> PROBLEM TO SOLVE
An exact copy is needed of the lines in the entries below from the line with "表3 不同标准中关于涂层热水煮浸泡法的要求" up to and including the line with "Decal Skin works", and of nothing else. Leave the pictures out.

Data entries
-.-.-

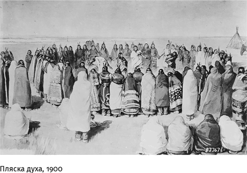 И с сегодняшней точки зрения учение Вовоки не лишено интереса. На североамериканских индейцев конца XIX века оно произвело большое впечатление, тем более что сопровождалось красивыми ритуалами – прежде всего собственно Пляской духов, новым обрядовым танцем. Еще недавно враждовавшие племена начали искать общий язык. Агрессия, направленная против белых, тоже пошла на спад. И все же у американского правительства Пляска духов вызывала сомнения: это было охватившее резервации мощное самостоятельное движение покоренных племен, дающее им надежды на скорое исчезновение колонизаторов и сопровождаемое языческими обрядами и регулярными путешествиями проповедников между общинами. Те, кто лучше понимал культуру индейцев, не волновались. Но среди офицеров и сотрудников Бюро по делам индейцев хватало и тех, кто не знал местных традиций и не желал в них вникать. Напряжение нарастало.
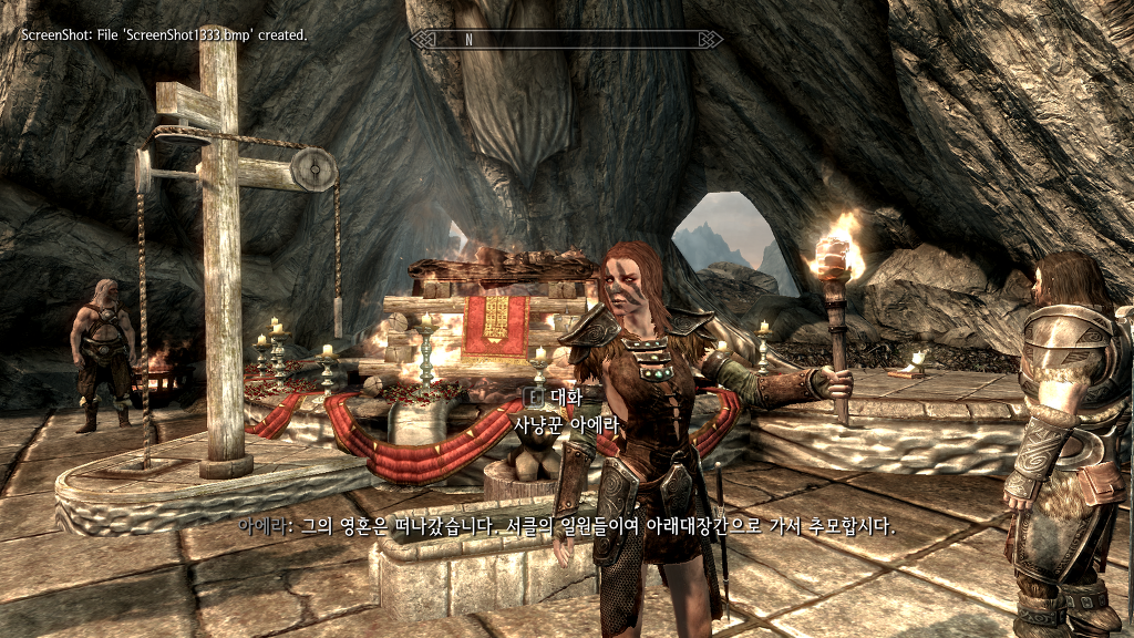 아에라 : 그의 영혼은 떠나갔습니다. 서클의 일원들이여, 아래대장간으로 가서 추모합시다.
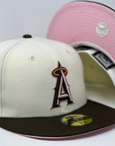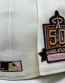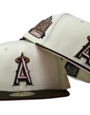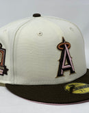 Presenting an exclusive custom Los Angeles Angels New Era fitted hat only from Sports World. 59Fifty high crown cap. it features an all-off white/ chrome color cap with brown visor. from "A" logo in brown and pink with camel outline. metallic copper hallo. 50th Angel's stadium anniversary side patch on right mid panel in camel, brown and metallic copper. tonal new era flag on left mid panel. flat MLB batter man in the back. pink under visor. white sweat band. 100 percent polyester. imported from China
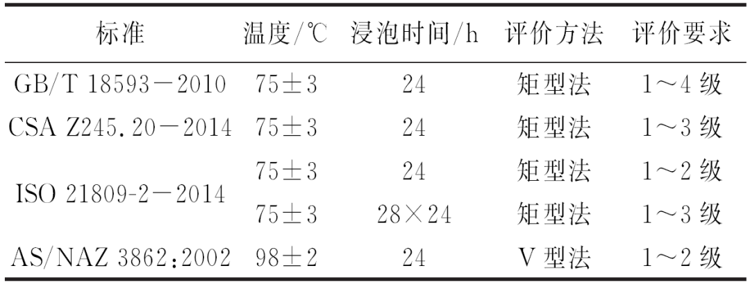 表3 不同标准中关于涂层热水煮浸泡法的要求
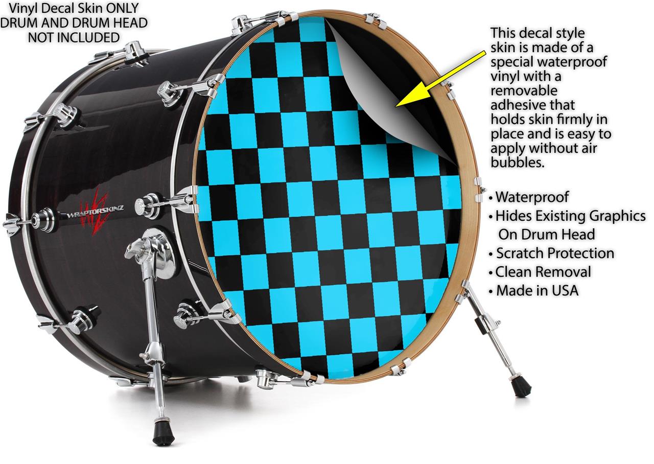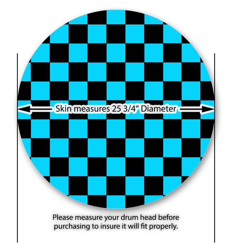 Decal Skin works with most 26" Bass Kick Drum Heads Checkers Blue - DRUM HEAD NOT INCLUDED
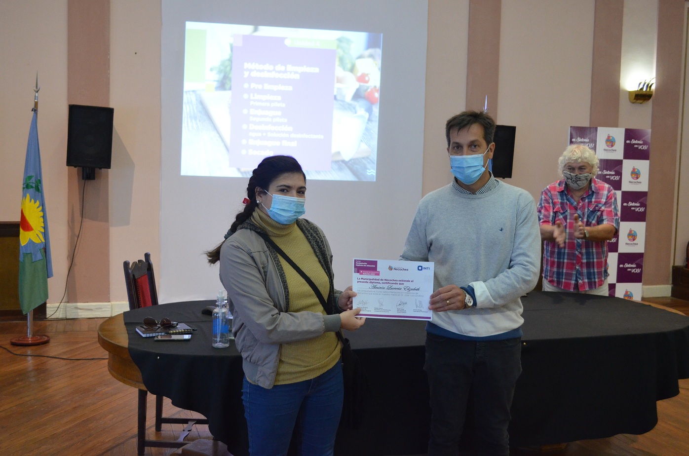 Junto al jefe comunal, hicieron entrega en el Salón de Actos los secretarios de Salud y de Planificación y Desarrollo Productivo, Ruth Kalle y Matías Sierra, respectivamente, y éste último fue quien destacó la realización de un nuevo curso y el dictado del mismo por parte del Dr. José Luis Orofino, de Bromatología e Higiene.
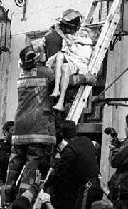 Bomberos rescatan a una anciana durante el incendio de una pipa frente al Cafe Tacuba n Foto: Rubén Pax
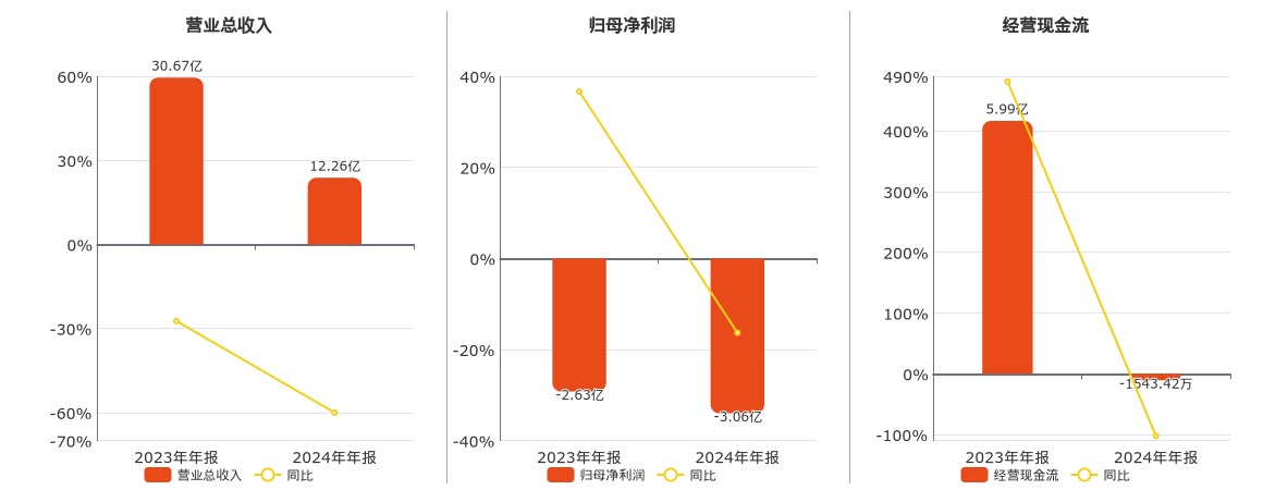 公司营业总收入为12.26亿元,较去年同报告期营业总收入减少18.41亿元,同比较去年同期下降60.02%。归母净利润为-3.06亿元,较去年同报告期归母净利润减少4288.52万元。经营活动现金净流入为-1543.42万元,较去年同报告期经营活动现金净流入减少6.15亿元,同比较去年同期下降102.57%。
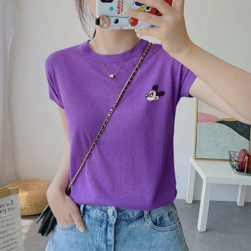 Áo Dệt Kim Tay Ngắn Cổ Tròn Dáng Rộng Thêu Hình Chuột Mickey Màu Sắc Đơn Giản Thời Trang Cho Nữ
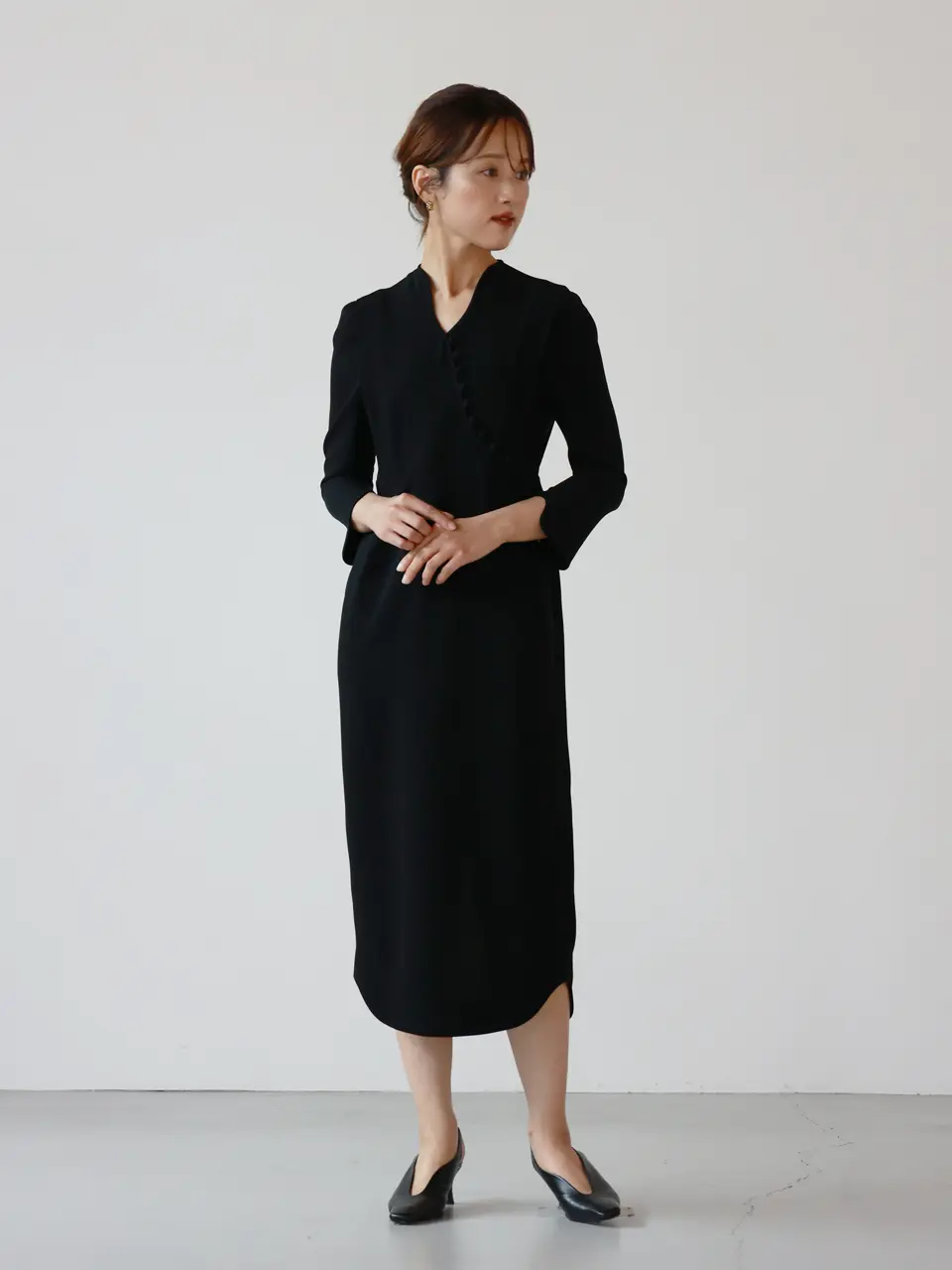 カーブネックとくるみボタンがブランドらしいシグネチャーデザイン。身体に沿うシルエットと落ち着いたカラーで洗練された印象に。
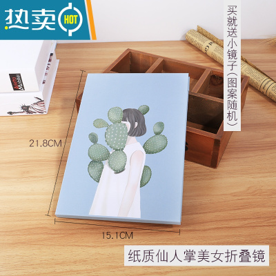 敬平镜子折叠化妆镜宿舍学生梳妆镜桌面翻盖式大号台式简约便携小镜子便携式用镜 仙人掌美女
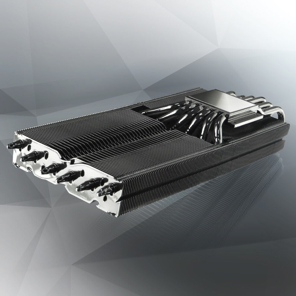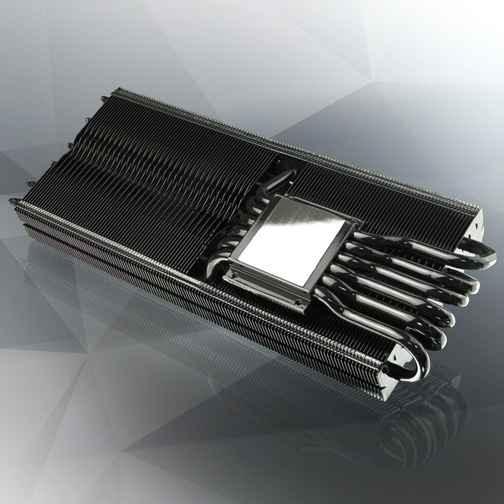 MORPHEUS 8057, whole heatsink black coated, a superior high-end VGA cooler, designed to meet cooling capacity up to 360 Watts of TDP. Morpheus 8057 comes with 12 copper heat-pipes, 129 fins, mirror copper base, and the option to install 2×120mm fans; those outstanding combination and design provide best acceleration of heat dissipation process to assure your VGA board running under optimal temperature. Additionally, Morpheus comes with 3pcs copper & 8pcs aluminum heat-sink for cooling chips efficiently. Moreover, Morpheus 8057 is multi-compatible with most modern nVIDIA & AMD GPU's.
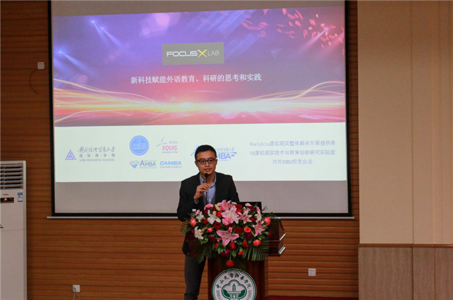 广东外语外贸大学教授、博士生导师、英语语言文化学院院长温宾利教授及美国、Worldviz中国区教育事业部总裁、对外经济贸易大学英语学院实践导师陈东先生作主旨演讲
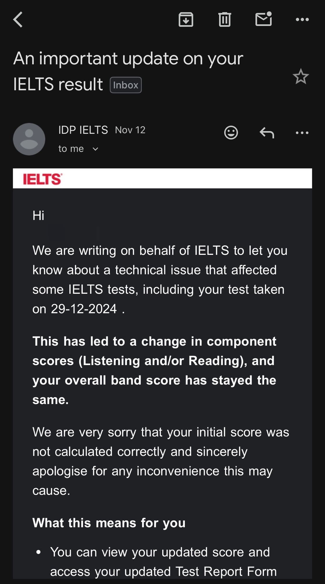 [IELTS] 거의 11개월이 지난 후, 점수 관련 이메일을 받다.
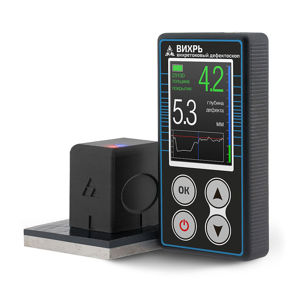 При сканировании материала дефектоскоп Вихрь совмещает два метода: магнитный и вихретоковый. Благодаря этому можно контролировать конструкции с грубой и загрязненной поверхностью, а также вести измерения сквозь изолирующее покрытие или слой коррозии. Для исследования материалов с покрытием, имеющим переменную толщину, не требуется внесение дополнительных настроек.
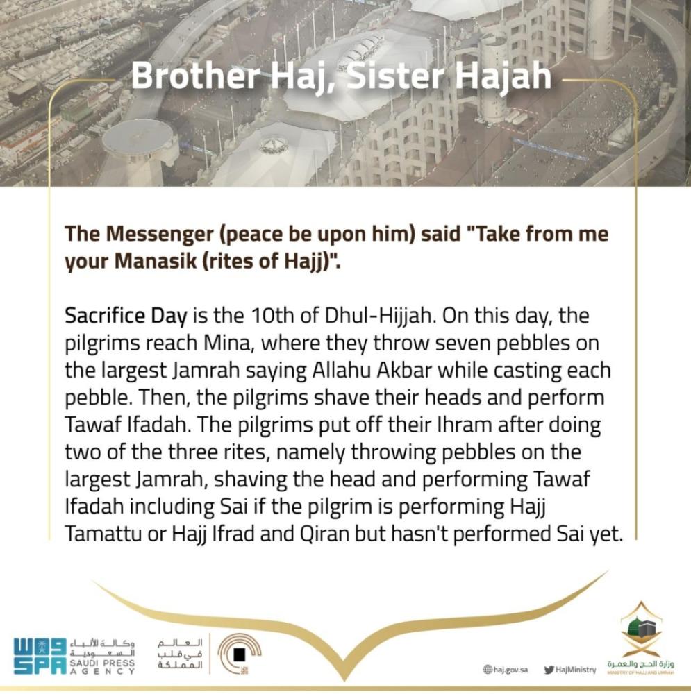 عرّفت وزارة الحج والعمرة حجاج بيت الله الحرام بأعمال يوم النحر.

-.-.-

> SOLUTION
 表3 不同标准中关于涂层热水煮浸泡法的要求
 Decal Skin works with most 26" Bass Kick Drum Heads Checkers Blue - DRUM HEAD NOT INCLUDED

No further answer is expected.